Eventually you'd want to separate functionality on different servers, so try to also plan that in advance. Also bear in mind that each 512MB costs like $5/mo, that makes this solution work for $20/mo, how cool is that?
I agree there's room for improvement on DO's service, but there's nothing that a good architect can't work around.
You're absolutely right. How about your MySQL write server? You typically have one master that you update to and one or more slaves where you read from. If you get a sudden burst of traffic and your master can't handle all the writes, what do you do?
I understand how HTTP works so I know how to scale it, but unfortunately I don't have the knowledge to scale DB infrastructure.
Anything I say would be a shot in the dark, but I'm interested on your point of view about this one. Caching? Write on two servers?
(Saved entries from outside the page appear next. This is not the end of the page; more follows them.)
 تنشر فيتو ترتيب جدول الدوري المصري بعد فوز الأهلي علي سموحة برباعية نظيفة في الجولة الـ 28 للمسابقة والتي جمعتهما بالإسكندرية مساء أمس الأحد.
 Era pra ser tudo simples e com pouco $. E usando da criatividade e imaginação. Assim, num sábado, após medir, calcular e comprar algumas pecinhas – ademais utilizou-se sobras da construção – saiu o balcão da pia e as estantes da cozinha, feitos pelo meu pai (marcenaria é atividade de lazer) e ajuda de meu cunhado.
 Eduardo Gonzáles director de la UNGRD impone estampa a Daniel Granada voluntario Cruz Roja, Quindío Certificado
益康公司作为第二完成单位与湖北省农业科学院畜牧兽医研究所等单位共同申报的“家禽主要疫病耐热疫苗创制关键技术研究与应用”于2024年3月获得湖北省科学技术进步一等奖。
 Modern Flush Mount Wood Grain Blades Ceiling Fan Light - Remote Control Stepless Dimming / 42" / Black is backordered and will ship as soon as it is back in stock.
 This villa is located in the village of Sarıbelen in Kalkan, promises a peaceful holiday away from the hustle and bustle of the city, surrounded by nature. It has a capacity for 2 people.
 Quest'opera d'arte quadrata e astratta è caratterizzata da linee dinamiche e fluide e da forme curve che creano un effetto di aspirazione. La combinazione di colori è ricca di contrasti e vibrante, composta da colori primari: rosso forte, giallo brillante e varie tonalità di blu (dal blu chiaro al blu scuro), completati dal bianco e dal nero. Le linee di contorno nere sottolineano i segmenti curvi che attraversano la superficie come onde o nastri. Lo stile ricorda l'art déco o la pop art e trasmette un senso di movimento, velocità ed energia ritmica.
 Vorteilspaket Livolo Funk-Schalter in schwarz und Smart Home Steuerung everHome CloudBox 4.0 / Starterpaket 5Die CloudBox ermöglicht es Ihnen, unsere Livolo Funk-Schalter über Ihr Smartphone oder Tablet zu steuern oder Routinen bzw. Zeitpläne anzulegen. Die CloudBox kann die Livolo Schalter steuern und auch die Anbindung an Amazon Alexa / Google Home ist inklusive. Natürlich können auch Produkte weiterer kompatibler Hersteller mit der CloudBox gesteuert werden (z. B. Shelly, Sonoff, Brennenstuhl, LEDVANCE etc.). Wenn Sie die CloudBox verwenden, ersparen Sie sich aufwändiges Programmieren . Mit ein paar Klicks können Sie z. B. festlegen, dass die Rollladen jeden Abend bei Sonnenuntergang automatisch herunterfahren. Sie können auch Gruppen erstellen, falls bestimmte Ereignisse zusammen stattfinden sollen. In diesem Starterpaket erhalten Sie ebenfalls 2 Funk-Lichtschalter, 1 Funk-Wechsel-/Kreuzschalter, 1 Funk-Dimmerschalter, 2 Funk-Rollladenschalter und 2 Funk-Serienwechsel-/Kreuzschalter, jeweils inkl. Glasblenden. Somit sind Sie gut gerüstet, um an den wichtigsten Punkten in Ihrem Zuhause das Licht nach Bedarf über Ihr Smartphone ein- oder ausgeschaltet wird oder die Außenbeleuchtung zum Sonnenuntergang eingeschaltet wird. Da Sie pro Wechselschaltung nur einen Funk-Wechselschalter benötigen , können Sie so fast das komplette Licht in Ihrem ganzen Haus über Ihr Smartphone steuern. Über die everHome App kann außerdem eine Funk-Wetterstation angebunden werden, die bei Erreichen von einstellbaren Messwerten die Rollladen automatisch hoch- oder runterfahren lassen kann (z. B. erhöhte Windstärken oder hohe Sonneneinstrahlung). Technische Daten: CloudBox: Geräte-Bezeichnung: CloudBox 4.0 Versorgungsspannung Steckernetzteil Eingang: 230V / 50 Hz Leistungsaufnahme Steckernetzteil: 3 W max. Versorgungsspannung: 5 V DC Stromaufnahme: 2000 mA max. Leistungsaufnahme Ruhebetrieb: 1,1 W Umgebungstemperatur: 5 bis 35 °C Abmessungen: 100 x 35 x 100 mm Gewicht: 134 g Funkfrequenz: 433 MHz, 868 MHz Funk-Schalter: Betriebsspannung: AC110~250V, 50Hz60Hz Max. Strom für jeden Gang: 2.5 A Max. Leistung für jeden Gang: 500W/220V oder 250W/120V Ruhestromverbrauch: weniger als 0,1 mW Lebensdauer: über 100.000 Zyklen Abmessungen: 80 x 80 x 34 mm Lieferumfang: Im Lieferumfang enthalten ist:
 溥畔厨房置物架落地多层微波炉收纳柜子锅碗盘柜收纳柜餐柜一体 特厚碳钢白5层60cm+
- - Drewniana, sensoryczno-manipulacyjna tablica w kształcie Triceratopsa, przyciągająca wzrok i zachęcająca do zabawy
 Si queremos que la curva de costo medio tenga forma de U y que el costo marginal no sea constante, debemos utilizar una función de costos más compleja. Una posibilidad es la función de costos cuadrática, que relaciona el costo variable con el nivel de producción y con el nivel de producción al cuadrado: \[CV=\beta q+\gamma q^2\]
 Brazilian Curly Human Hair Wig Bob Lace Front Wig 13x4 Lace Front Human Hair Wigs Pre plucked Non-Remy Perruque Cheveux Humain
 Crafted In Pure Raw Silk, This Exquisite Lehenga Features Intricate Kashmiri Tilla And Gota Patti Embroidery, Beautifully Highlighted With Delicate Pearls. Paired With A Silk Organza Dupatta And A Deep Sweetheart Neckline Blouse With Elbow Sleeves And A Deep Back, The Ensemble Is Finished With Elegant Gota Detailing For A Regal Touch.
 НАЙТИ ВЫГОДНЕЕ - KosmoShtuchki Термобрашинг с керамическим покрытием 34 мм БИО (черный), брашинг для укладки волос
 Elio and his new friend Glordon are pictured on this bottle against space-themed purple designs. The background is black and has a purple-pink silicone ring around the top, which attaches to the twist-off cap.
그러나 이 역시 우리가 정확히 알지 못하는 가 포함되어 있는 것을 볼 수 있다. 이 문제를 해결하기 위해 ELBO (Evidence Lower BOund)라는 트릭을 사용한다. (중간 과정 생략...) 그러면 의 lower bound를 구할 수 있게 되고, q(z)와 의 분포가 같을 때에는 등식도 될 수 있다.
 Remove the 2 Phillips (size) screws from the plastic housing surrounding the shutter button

In the second case do you setup a cluster or you just load balance it with a third device/service?
I'm still learning this myself, but from the research I've done I've figured this out:
1. Most people don't go with two writes to a relational database (like MySQL). Syncing is hard, and when it is done, it loses its relational features.
2. Common set up is one mysql write server, scaling it up to fit your traffic, and automatically syncing it with additional servers where SELECT statements only will be made. A random read server is selected if there are multiple to choose from.
3. This also means that in the application, doing a write and immediate read on what you just wrote won't work, so you have to code your application around that.
4. In you app you separate your connections for the reads and writes.
Now, in terms of making changes to the write server is what I'm trying to figure out. Perhaps there's a way to make upgrades on one of the slaves (the reads), then automatically make that slave the master and the master a slave? Not sure, I'm reading a MySQL book (The MySQL Bible) right now that I hope will point me in the right direction.